Ramblings of a Psychotic American.

Welcome to my life.

Well, where to start. My name is.. well let us just say my name is Nyx and get on with it. I'm an antisocial shut in, my only contact with the outside world happens to be my job. Unless you count my computer. Even then I guess I don't really talk to many people. I have eight different personalities, which I assume you'll all be quite acquainted with later on in life. I have a severe case of Clinical Lycanthropy, meaning if my rage isn't over Nine-Thousand, it usually breaks. Some times I have no clue where my life is going and I'm not sure if I'm perfectly okay with this, or if I've just deluded myself enough into believing I am okay with this.

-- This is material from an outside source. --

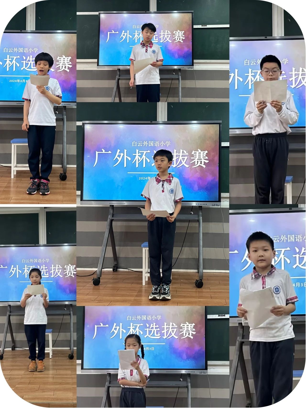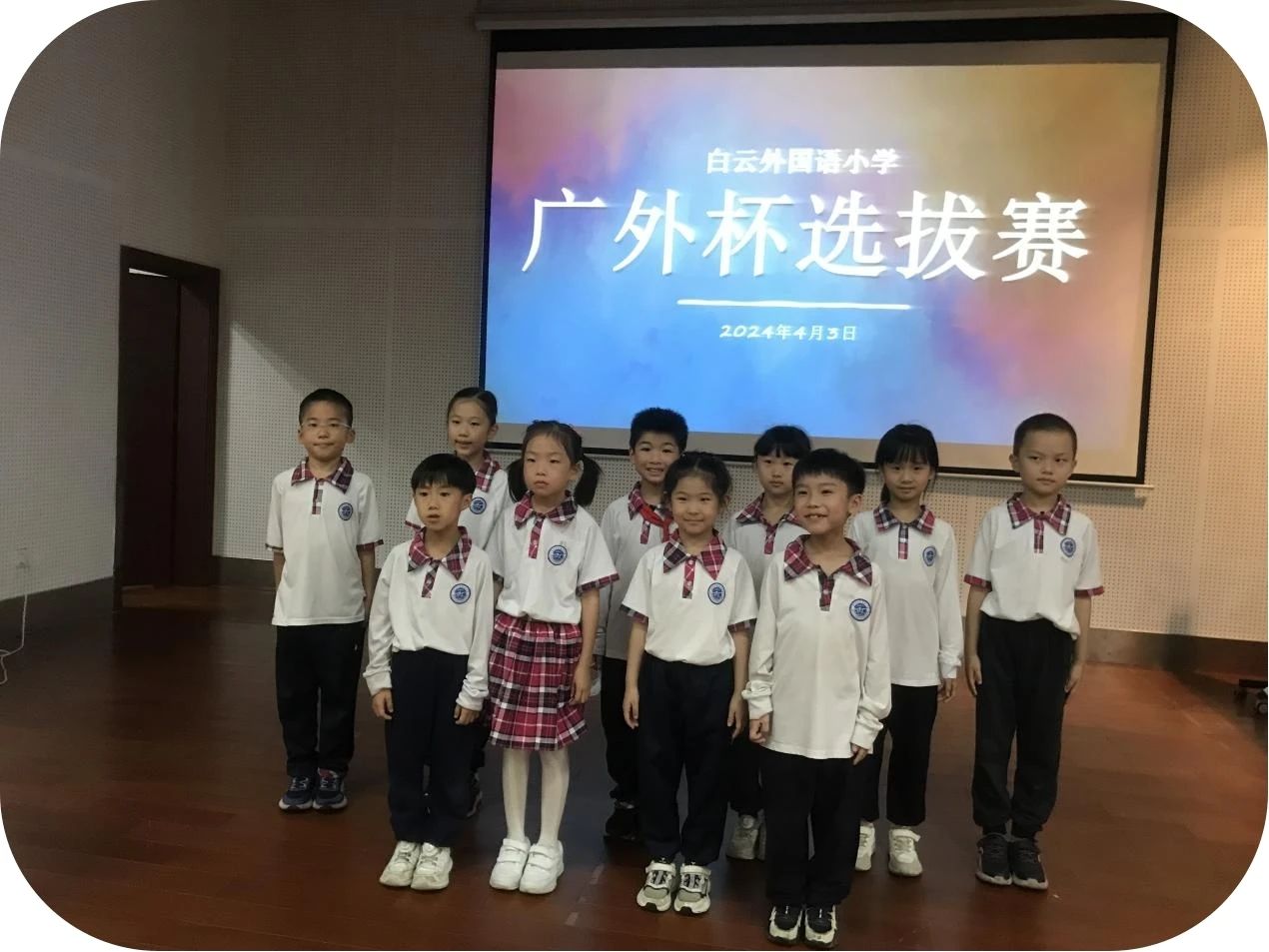2024年5月24日,由广外教育集团主办的第八届“广外杯”中小学生英语能力大赛在广外白云山校区云山会堂举行。来自17所附校的58支队伍参加了横跨1-8年级、四个层级的晋级赛,经过激烈的角逐,最终有来自12所学校的28支队伍顺利进入总决赛。我校英语教师陆巧玲、外教Jake担任本次大赛的教师主持。

My only three true friends are so far away from me the only thing I can use to contact them is this damned computer. One friend lives in England, one in Michigan, and the other one is the person I'm currently in love with, who happens to live the farthest from me. Who would of figured that'd be just my luck, oh I know, I would have. Sometimes I think I'm unfit for society, other times I think society is just unfit. I am a "Garbage Disposal", I'll eat anything that won't eat me first. Unless it's something like dog shit, cause lets face it, I'm not that fucking goofy.

People tend to hate me for no reason, I guess it's just the way I look. Then again nine times out of ten I have a constant scowl on my face and I don't even realise it. I'm twenty years old and just about to move out of my mothers house, even if it is only to go live with another relative for a short period of time. No, I'm not being sent off because I'm crazy. There will be no jumping to conclusions here, because fuck you don't judge me.